Zack and I will need to find salvation as we spend the rest of our time off from work in our 1 bedroom apartment in denver with our now only 2 pets 1 cat and 1 dog. I am dreading having the conversation with them. Ingrid, I can’t believe I’m telling you this and you probably already know…
Your little brother is gone and I am so so sorry.
If you made it all the way to the end, thank you for your time. I will be okay . We will be okay. We have to be okay. Every single person who loses a loved one, human or animal has to be okay.
Life isn’t permanent and we can only spend the time we do have enjoying it and snuggling and hugging and laughing and making memories with our communities- the human and animals we meet, and especially the ones we make family.

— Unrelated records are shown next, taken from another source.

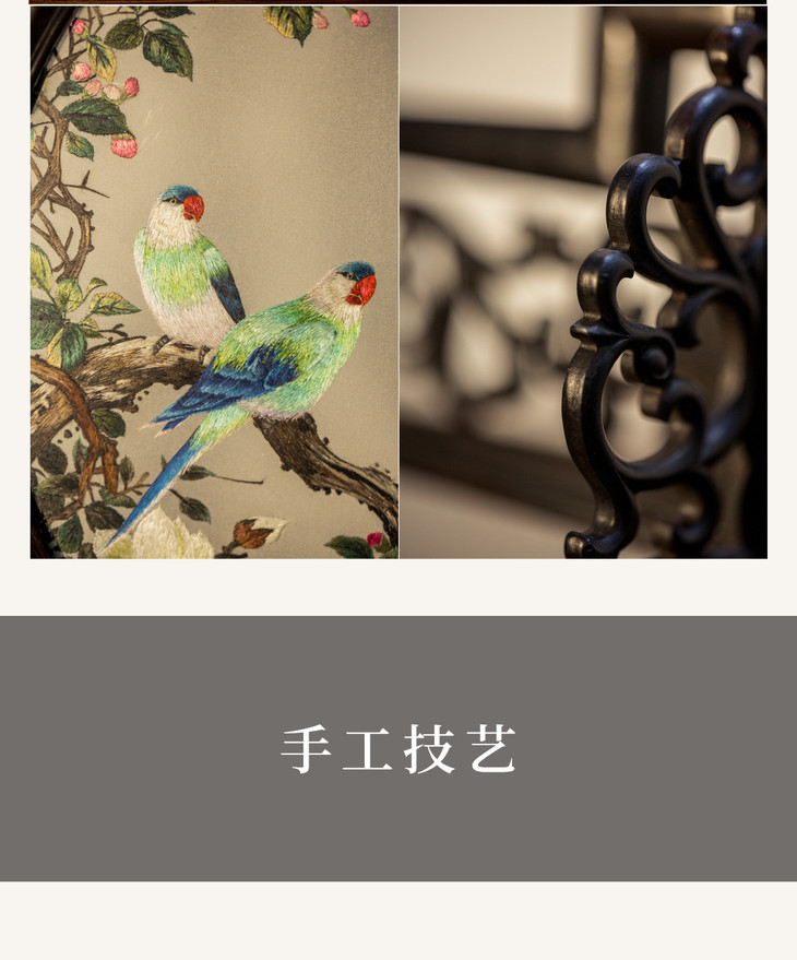 「苏绣」玉兰鹦鹉图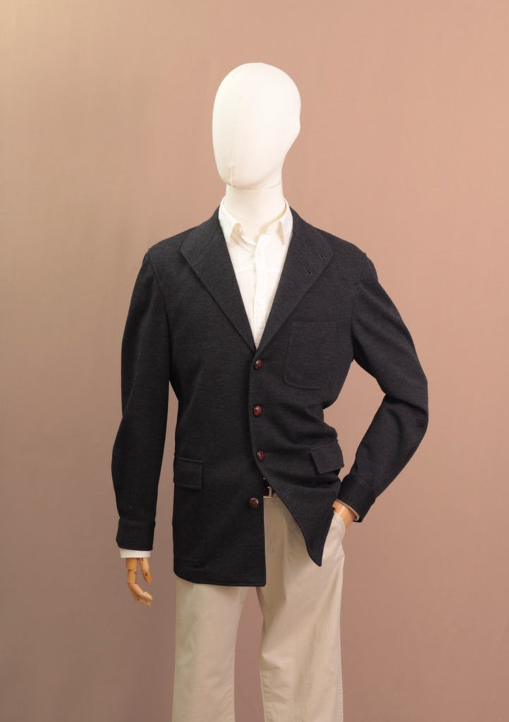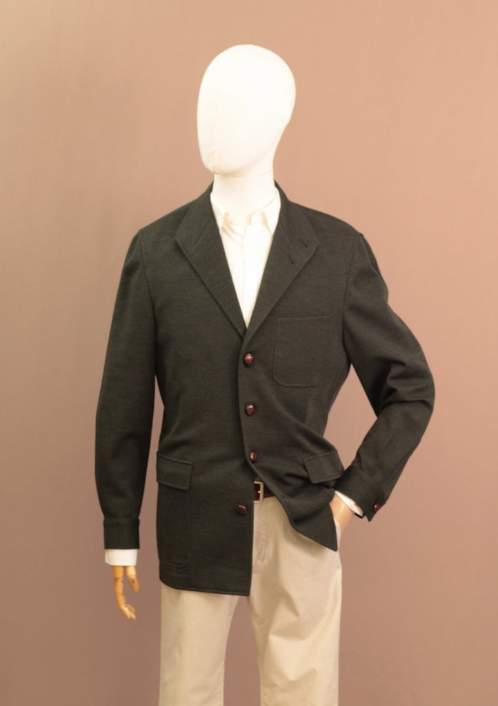 DESCRIPCIÓN: La teba es una chaqueta de hombre clásica en España. Es in ícono de la moda masculina y elegancia relajada. Tiene un diseño entre la americana y la chaqueta tipo safari. De corte recto, cuello tipo camisa, bolsillos grandes, cierre de botones 3 o 4 máximo. Generalmente se hacen de lana, lino, algodón o mezcla.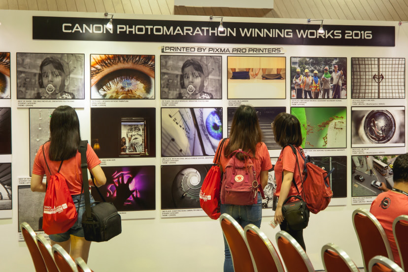 Participants seeking inspiration from the wall of works by last year’s Canon PhotoMarathon winners.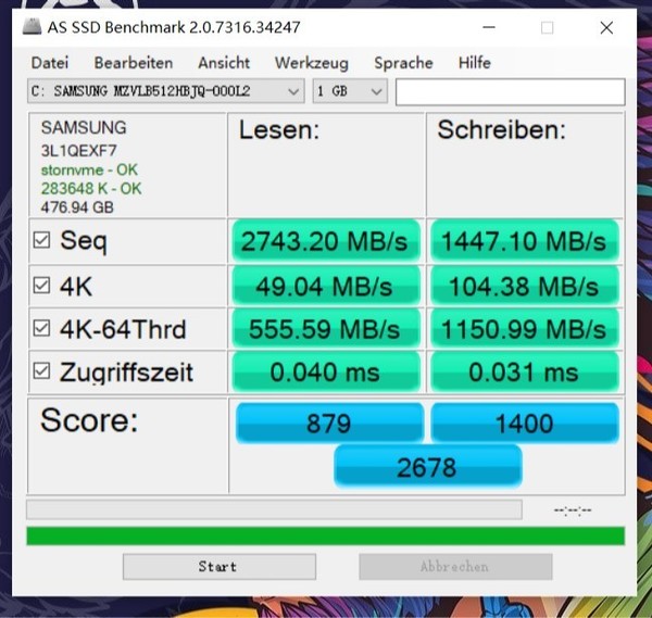 而联想在这方面稍逊一筹,小新15 2020的固态硬盘得分2678分,顺序写入和读取速度分别达到了2743.20MB/s和1447.10MB/s,访问读取时间为0.040ms,访问写入时间为0.031ms。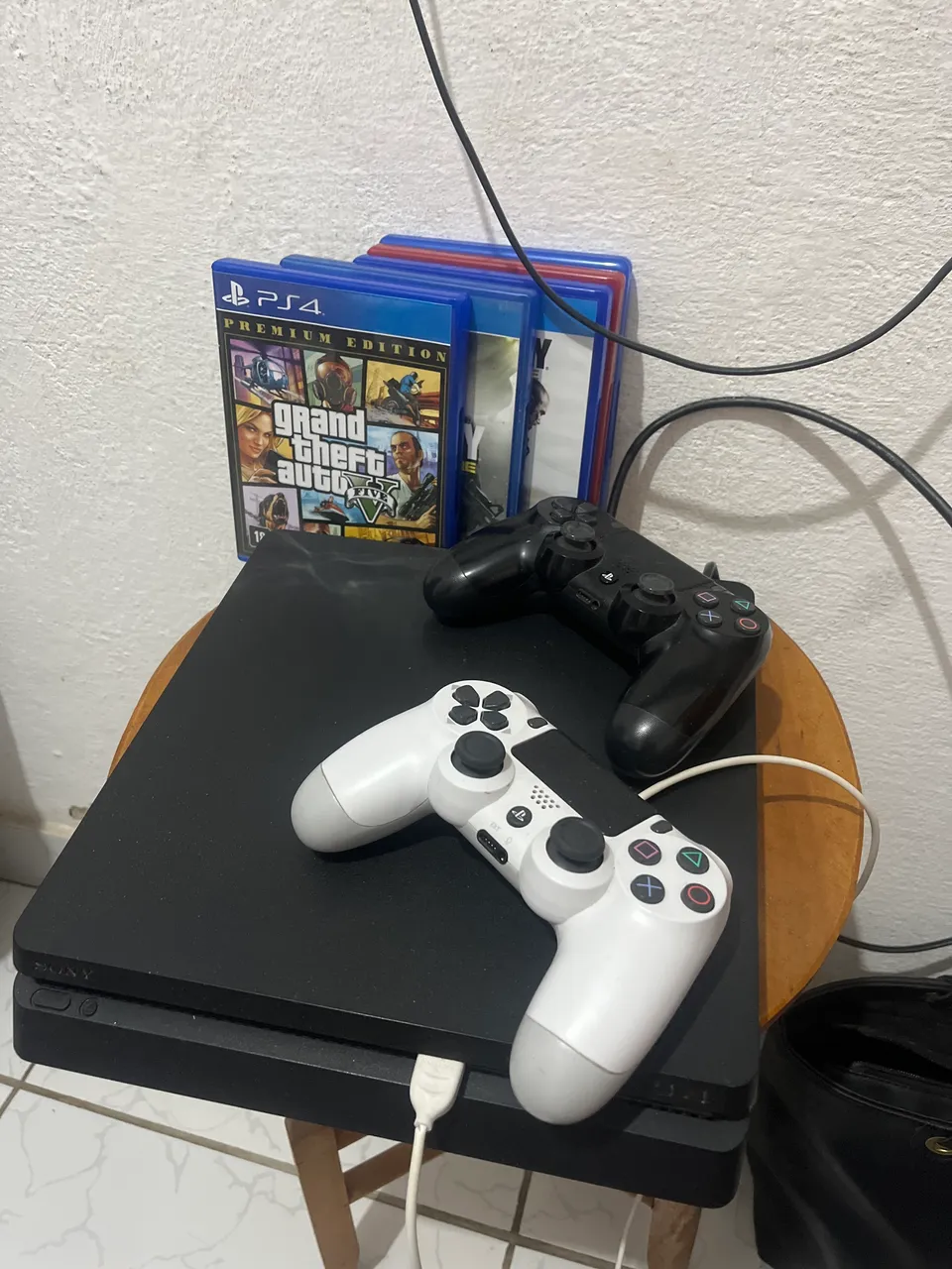 Vendo ps4 slim de 1 tera de memória,controles,mais de 8 jogos e está excelente condição de uso

I’ll miss my Titterson “Tito” Leonard. We are having his remains cremated and a mold made of his tiny little black bean toe paws. I’ll miss his little white gloves. And if you are wondering we had at least 11 total nicknames for him:
Tito
Tit/Tits
Titterson
Titterton
Tooterson
Tooterson Leonard
Toots
Tootsie
Tootsie McGootsie
Gooseman
Crackman (because he slept in he crack of the couch cushions)
I’m going to close my computer now. With 2% battery it’s going to die soon. This I can see coming. I’ll spend the rest of my flight looking at an album of Tito pictures I made on my drive to the airport. All 480 photos and videos of him. I have even more in text messages with Zack.
Leaving you with these last few words:
Love your pets, never take them for granted.